– Ничего не выйдет. Издателей нет, а без них деньги контора не выплатит.
– Почему не выйдет? – изумился Грин. – Выйдет, еще как выйдет! Я подожду прихода издателей и сам поговорю с ними. Не люблю я эту людскую разновидность, но разговаривать с ними люблю.
Он снял пальто, повесил его на спинку стула, кряхтя взобрался на диван. Вскоре он повернулся лицом к спинке дивана и легкое всхрапывание послышалось в комнате.
Раздался телефонный звонок. Звонил издатель, я рассказал ему ситуацию.
– Ладно, – сказал недовольный Борис Соломонович Залшупин, – позвоню немного позже.
Позвонил позже. Ничего не изменилось, вопрос не разрешался. Раздраженный издатель предложил мне выдать настойчивому писателю пятьдесят рублей и «сплавить» его.
Я разбудил Грина и сообщил о решении издателя. Увы, Грина это не устраивало. Он, твердо убежденный в своем праве, требовал все сто.
Новый звонок по телефону, печальная информация и рев издателя.
– Дайте ему сто рублей, пусть отвяжется.
Получив сто рублей, Грин снисходительно похлопал меня по плечу и назидательно сказал: «Вот как нужно с ними действовать, иначе эти людишки не понимают. Не забудьте, что мы торгуем своим творчеством, силой мышления, фантазией, своим вдохновением! Пока!»
И. Хейсин о А. Грине. Воспоминания об Александре Грине. Л, 1972
В июле 1916 года Александр Грин ненадолго приезжал в Вятку и жил у мачехи в доме Нурминских на Кикиморской улице (в настоящее время улица Водопроводная, 12) около двух недель.
В декабре 1916 года за непочтительное высказывание о царствующей династии Романовых в ресторане Александра Грина выслали из Петрограда в Финляндию, в поселке Лунатиокки, расположенный в 70 километрах от Петрограда.
Узнав о Февральской революции 1917 года писатель пешком ушел в Петроград, где стал активно печататься в журналах.
В 1917 году у А.С. Грина было 54 публикации, в 1918 – 35. Он печатался ежемесячно в «Огоньке», «Новом Сатириконе», «Биче», «Свободном журнале», «Синем журнале», «Петроградском голосе», «Чертовой перечнице», «Честном слове», «Мире», «Журнале для всех», «Пламени», «Всевидящем Оке», других изданиях.
В 1918 году А.С. Грин жил в Москве на Якиманке, у своего товарища Николая Вержбицкого, работал в «Газете для всех», «Честном слове», других изданиях.
Лето 1918 года Грин провел под Москвой, в Барвихе.
А. Андреев. Жизнь Александра Грина
Надо было писать, зарабатывать на жизнь. Быстрее всего дело оборачивалось в еженедельных журналах. Туда можно было принести рассказ или стихотворение и тут же получить от редактора записку в бухгалтерию с просьбой – выдать подателю такую-то сумму. Суммы были невелики: за рассказ размером в пол-листа Грину платили 60–70 рублей.

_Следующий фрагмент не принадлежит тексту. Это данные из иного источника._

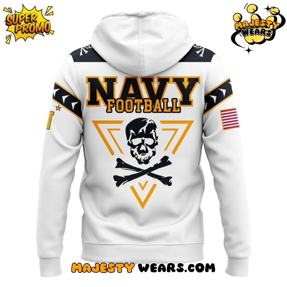 The reverse side of this 250th Birthday Celebration Hoodie continues the theme with a bold graphic featuring “NAVY FOOTBALL” lettering above a large skull and crossbones design, all framed within yellow and black triangular patterns that add a modern, aggressive edge. This dual focus on tradition and modern aesthetic provides Authoritativeness to the design, appealing to both veteran fans and a new generation of supporters. The contrasting white and Black color scheme ensures the graphics stand out, delivering a high-impact visual Experience worthy of the 250th anniversary.
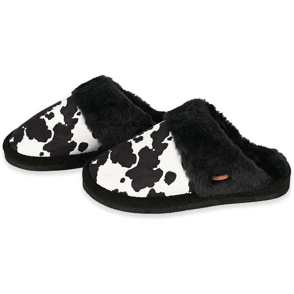 imageCC Suede Faux Fur Lined House IndoorOutdoor Slippers SlipOn for WomenCow Print Black
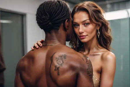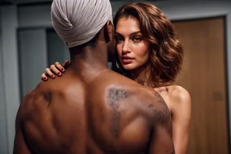 lora:intshldimFT15-step00001000:0.6 {intshldim, }{1girl, }{1boy, }{hetero, }{nail polish, ||||}{dark-skinned male, }{realistic, }{dark skin, |||}{back, }{makeup, }{upper body, }{blurry, }{hug, |}{couple, |}{from behind, |}{photorealistic, |}{looking at viewer, |}{jewelry, |}{bare shoulders, |}{red nails, ||||}{lipstick, ||}

В нашей комнате было темновато. Для работы мы занимали места на двух смежных подоконниках – Грин слева, я справа. Работали молча. Грин писал на отдельных небольших листках, разборчивым почерком, с небольшим количеством поправок.
Когда мы жили в Барвихе, у Грина не было никаких средств к существованию. Чем он жил в это время, трудно было догадаться. И имущества у него никакого не было, кроме чемоданчика со сменой белья и куском мыла.

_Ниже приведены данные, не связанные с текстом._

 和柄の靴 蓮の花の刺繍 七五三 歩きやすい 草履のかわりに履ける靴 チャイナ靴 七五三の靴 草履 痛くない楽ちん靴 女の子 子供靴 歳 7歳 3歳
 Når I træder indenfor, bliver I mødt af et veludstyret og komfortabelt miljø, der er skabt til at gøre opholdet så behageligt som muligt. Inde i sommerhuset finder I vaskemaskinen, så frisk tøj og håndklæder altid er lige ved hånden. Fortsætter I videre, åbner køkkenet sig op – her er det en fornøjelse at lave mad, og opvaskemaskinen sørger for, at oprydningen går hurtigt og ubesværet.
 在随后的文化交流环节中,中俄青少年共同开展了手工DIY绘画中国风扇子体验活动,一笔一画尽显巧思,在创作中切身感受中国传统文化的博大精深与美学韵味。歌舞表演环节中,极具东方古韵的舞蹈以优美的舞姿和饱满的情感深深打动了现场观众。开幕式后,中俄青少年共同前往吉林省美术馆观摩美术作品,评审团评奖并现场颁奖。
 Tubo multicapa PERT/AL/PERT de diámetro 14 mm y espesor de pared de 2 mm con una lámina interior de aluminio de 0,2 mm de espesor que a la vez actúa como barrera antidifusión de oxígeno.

Устроившись на балконе у крестьянина-дачевладельца, он спал на войлоке, брошенном на сундук. А днем, свернув войлок в трубку, на этом же сундуке писал и ел, сидя на низенькой скамеечке. Хлебных карточек у него не было. Да и хлеба в то время выдавали по сто граммов в день.
Иногда Грин ночью уходил в поле и выгребал руками картофелины величиной с грецкий орех. Ел их сырыми, немного подсаливая. Варить было нельзя – хозяин, узнав об этом, немедленно выгнал бы постояльца.

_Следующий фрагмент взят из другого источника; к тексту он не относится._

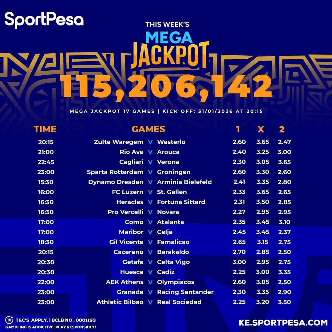 Sportpesa Mega Games & Predictions: Ksh 115 M up for grabs From Saturday 31/01/2026
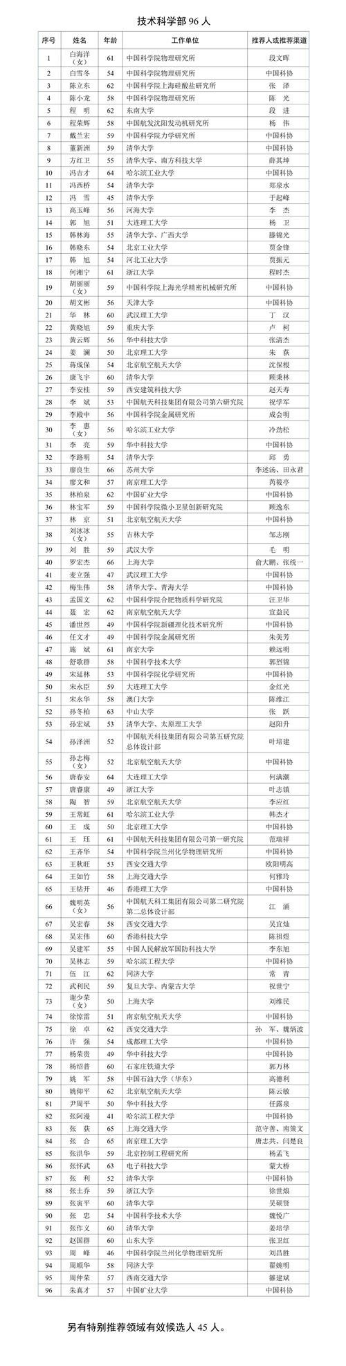 中國青年報(bào)客戶端北京8月31日電(中青報(bào)·中青網(wǎng)記者 張茜)記者從中國科學(xué)院官網(wǎng)獲悉,2023年中國科學(xué)院院士增選推薦工作已經(jīng)結(jié)束。經(jīng)第九屆中國科學(xué)院學(xué)部主席團(tuán)第十次會(huì)議審議,中國科學(xué)院黨組審定,確認(rèn)2023年中國科學(xué)院院士增選有效候選人583人。另有特別推薦領(lǐng)域有效候選人45人。
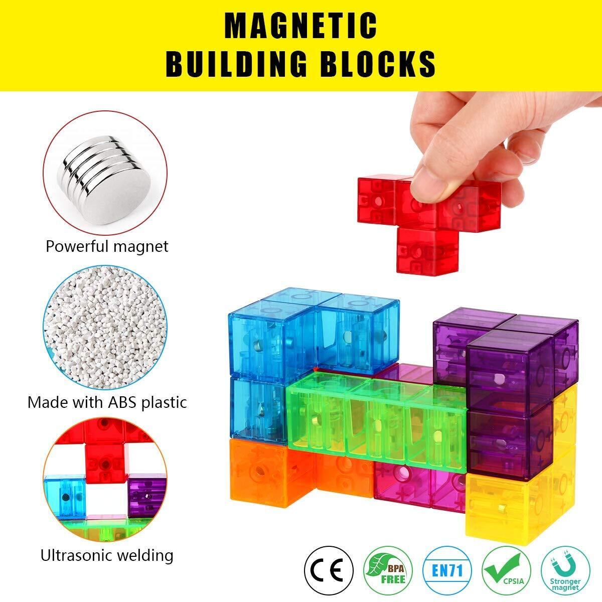 永久に遊べるパズル ブロック 7パーツセット 磁石 おもちゃ 遊べるマグネット 立体パズル 知育玩具 カラフル磁石積み木 創造力 賢人パズル対応 (クリアカラー)
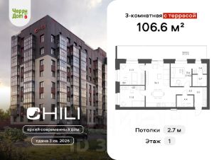 Квартира на 1 этаже, общей площадью 106.6 м². Высота потолков — 2,7 м. Предчистовая отделка.
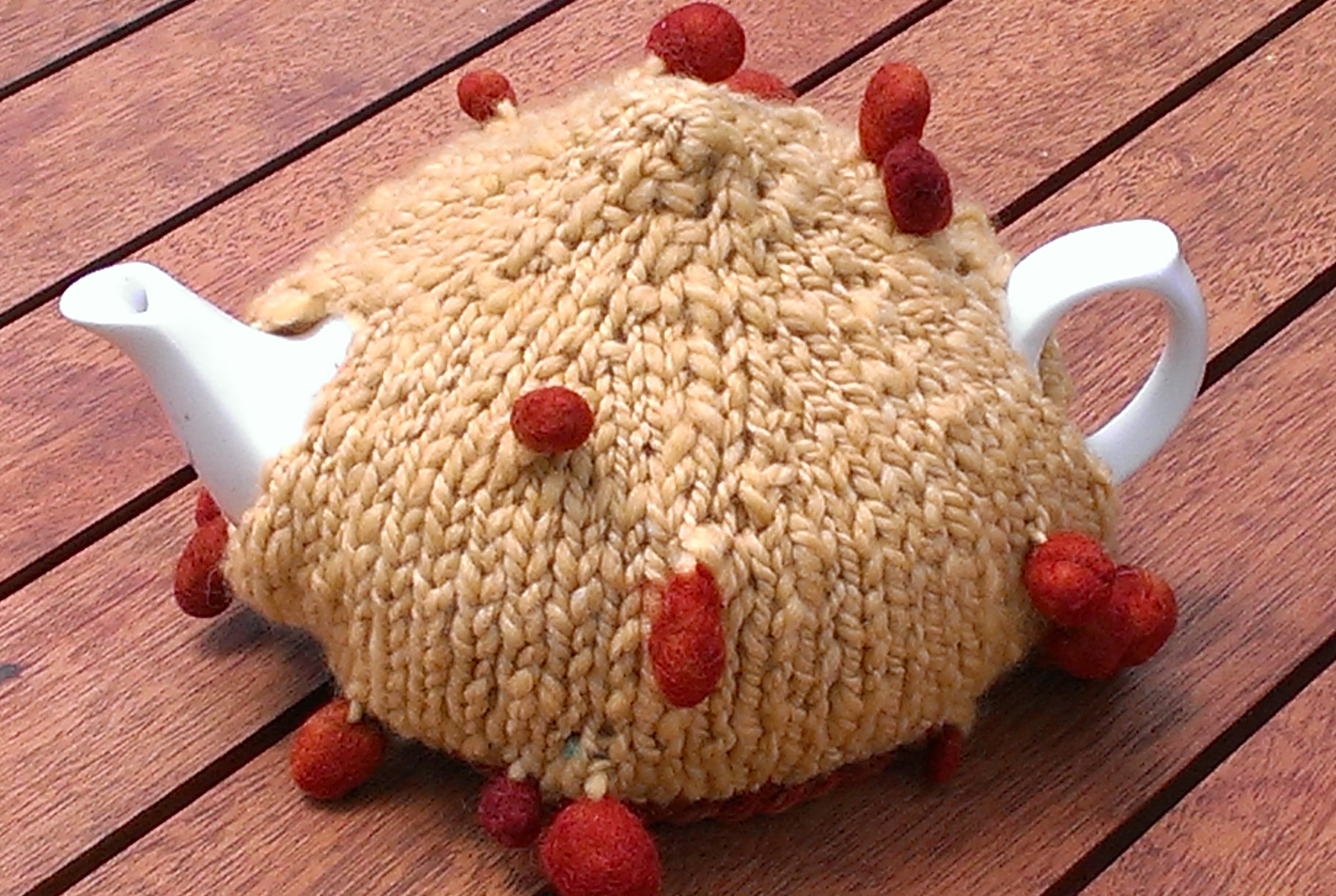 Let it be said that at present coral punk is not alone.  Here is the present plain Jane of the tea cosy selection at our place: yellow from silky oak leaves and orange from eucalyptus–with the felted blobs spun into the yarn.  Pattern improvised.  Luckily, tea pots are just not that fussy about how you clothe them.

Н. Вержбицкий. Воспоминания об Александре Грине. Л, 1972
Осенью 1918 года А.С. Грин переехал в Петроград.
А. Андреев. Жизнь Александра Грина
Помню, осенью 1918 года Александр Степанович сказал мне:
– Я женился, переехал к Марии Владиславовне Долидзе. Я там хозяин, сижу за обеденным столом в кресле. Завтра у нас прием – гости.
Я порадовалась за Александра Степановича: значит, у него опять есть домашний уют. Но брак этот длился недолго. Зимой я получила от Александра Степановича письмо, в котором он просил навестить его, так как он вновь одинок. Я нашла Грина на Невском, между Литейным и Надеждинской, на третьем дворе. Комната была маленькая и в мороз нетопленная. Но я ничем не могла помочь Александру Степановичу, так как в 1918–1919 годах мы, как и все петроградцы, голодали. Я принесла только две большие тыквы. Спросила его, почему он уехал от Долидзе.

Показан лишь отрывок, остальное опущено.